Ocean waves generate signals that sensors can pick up continuously, and Dr Prieto says: “They happen 24 hours a day, seven days a week, and they generate a very small signal, which we generally don’t feel. But very precise seismic sensors can feel these waves everywhere in the world. Even in the middle of continents, you can see these ocean effects.”
The scientists recorded seismic data from a small network of sensors on Greenland’s west coast between January 2012 and January 2014, and could detect changes in wave velocity of as little as 1%.
They recorded very large slowdowns in 2012, compared to 2013, and these matched satellite observations of abnormally large melting that year, which suggests that climate science now has another way of looking at changes in the ice.
The article states that ice is accumulating in the center of the island. The center is at higher altitude and it stays far below freezing point. The article notes that 40% of the ice cover rarely experiences melting.
Thom Hartmann interviews Dr. Jason Box, who urges caution on a methane meltdown. Although a methane meltdown is high risk, the data does not support it at this time.
From Climate Denial Crock of the Week:
There is indeed reason for concern, and nobody is more concerned than scientists like Dr. Box who follow the issue, and importantly, have children.

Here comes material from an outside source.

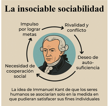 Kant lo llamó "sociabilidad insociable": nos necesitamos para sobrevivir, pero nos cuesta aguantarnos. Nos juntamos, sí, pero más por interés que por amor al prójimo. Básicamente, evolucionamos no porque seamos buenos compañeros de equipo, sino porque no nos queda otra que aprender a convivir sin tirarnos los platos.
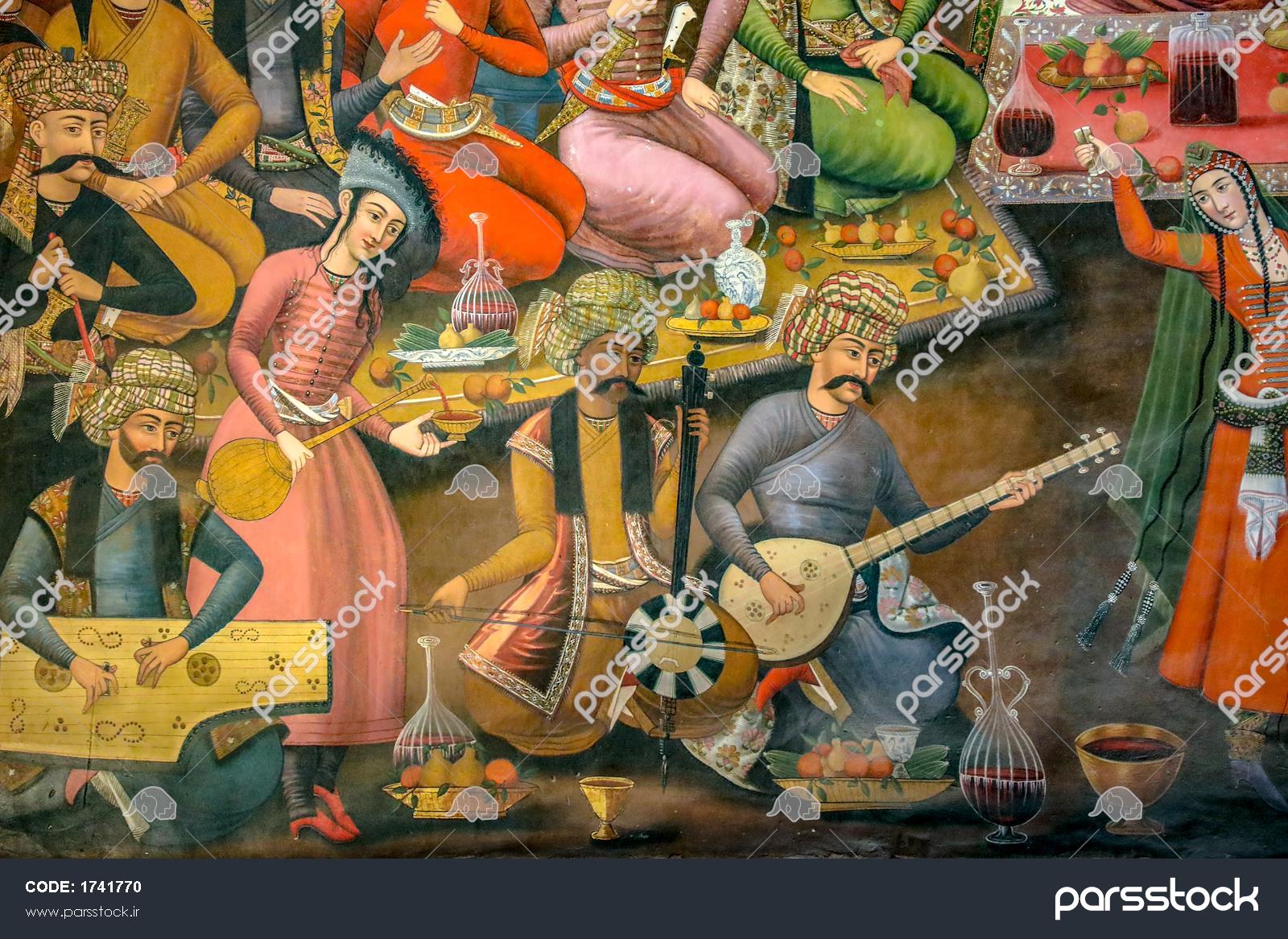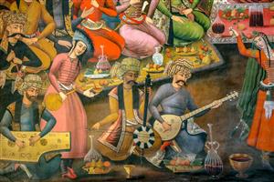 گروه نوازندگان در ضیافت چهلستون اصفهان – نقاشی دیواری صفوی

Yes, large amounts of methane are frozen in undersea arctic permafrost, and a large release of that powerful greenhouse gas would indeed mean, as Dr. Box famously tweeted two years ago, that we would be “effed”. Indeed, methane seeps have been observed in the arctic ocean, but the area has not been well enough studied to tell how many, over what area, and whether these are new, or background phenomena that have been ongoing for some time.
But, data does not show a Methane melt-down currently in progress, despite what you may have seen on various heavy breathing you-tubes and websites from the “imminent human extinction” crowd. Still, the risk is real, and represents a possible global high impact event that needs more study, which it is starting to get, with serious resources being deployed by several Arctic nations, as Dr. Box relates above.